BEGIN SUPPLIED MATERIAL
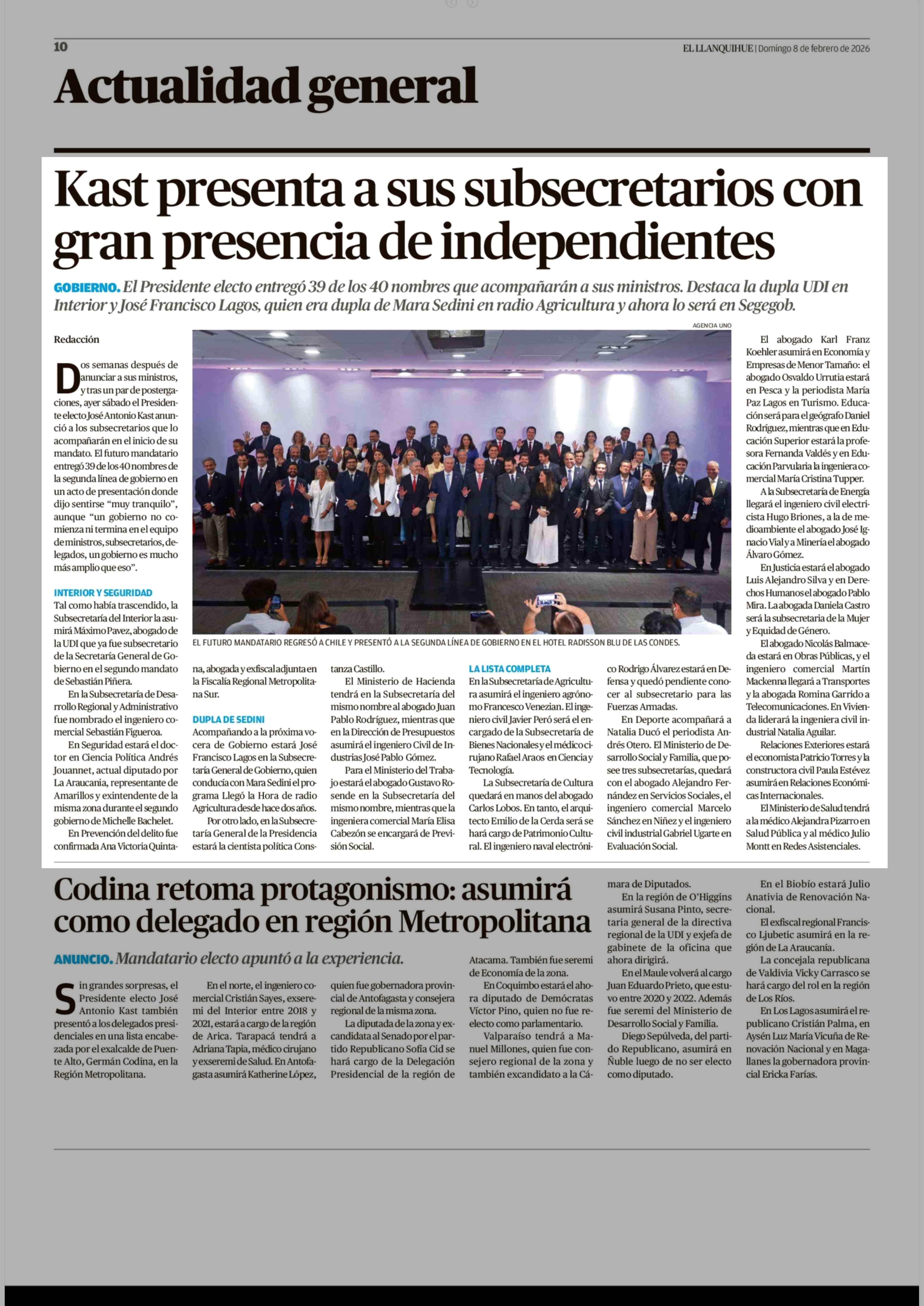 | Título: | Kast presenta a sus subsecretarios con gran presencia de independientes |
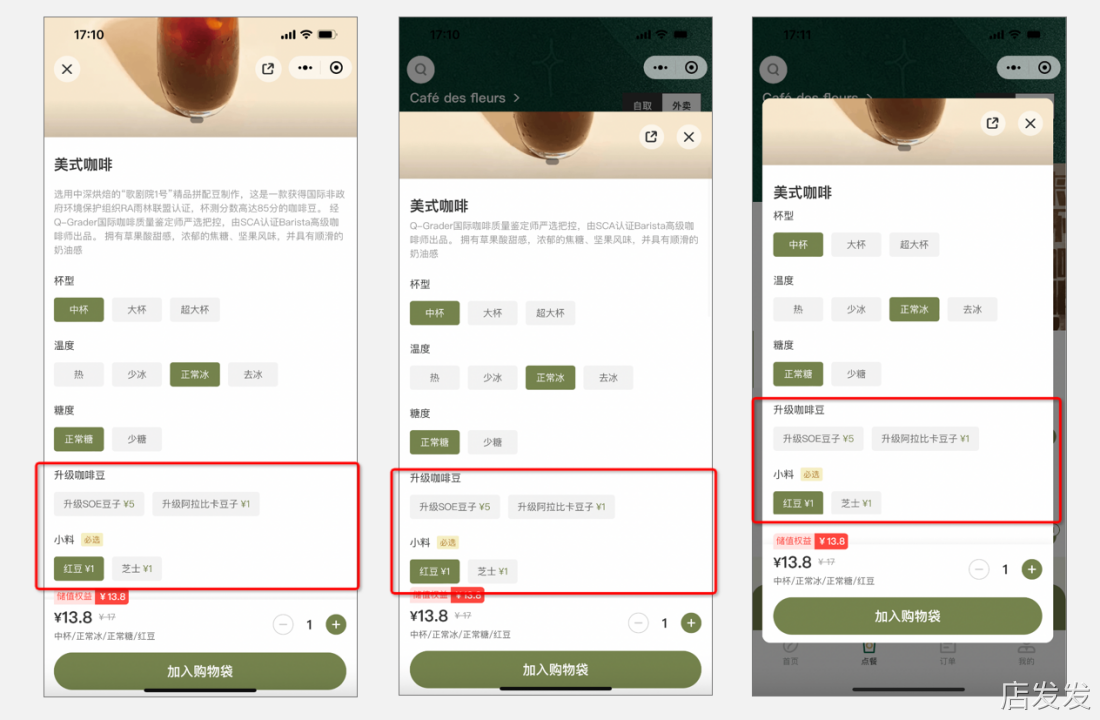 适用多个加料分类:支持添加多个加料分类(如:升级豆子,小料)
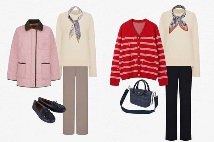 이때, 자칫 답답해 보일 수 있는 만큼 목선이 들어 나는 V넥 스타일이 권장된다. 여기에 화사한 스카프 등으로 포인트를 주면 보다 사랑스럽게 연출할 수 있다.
END SUPPLIED MATERIAL
*EXERCISE INSTRUCTIONS:*
Word for word and without any pictures, return all of the lines above.

*SOLUTION:*
 | Título: | Kast presenta a sus subsecretarios con gran presencia de independientes |
 适用多个加料分类:支持添加多个加料分类(如:升级豆子,小料)
 이때, 자칫 답답해 보일 수 있는 만큼 목선이 들어 나는 V넥 스타일이 권장된다. 여기에 화사한 스카프 등으로 포인트를 주면 보다 사랑스럽게 연출할 수 있다.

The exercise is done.